There's so much more to write on, and I'll do my best to post as often as I can. But I'm trying to keep a hard copy journal at least to remember what we do. It's SO dry and I have to drink tons of water in order for my brain and memory to work possible.. oh yeah, there is like a triple filter system here for us so we can drink the water. and the food prepared is all safe, and so far all good - nothing traditional yet, but that will come as we ease in. Right now we're going to hang out with a BU alum who came to Niamey something like 7 years ago, returned now lives among the locals. To us in America, Yes - he is the epitome of a hippie. But real cool, real nice. We're going canoeing/piogeting and may spot some hippos! AH! Afterwards we are going to a concert. Oh and today we went to the musee and spoke with the local artists, saw lions mating, etc. For real!

Promise my subsequent blogs will be a little more reflective.. A bientot!
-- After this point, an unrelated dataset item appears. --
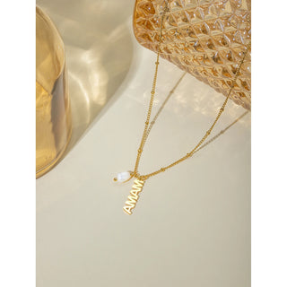 ステンレス304 低ニッケル 水に濡れても錆びにくい 18Kゴールドメッキ ネックレス パール MAMA【YJ03867】

Nous Sommes Arrivees au Niger!

So we survived the flights and are at the CFCA (literature or learning center here) in Niamey. The flights were fine-from JFK to Paris we were super speedy because we boarded the plane later than expected and managed to arrive at Charles De Gaule an hour early. Got NO sleep on that flight because I sat way close to a Trinidad musician who wanted to read my magazines and listen to my ipod! Slightly annoying.. To compensate for the absence of rest on that plane, I took Nyquil anndd benadryl - thus slept on the floor at the airport, and was completely conked on the way to Niger! Was awoken by a nice French flight attendant who said, ''Mademoiselle, some macaroni?'' I declined because I was BARELY awake, but he insisted that I would be hungry and Africa, needed to put some food in my stomach, and at least try... then I got a little scared! But we arrived full and safe to what is the Niamey National Airport. There was a small dust storm I think because it was pretty cloudy.. and by cloudy I mean dusty in the air. But that was day 1. Just trying to catch up since it's now day 3.

PS the punctuation marks on this computer are off, or not like on American computers at least, so I may avoid being gramatically correct until I figure it out!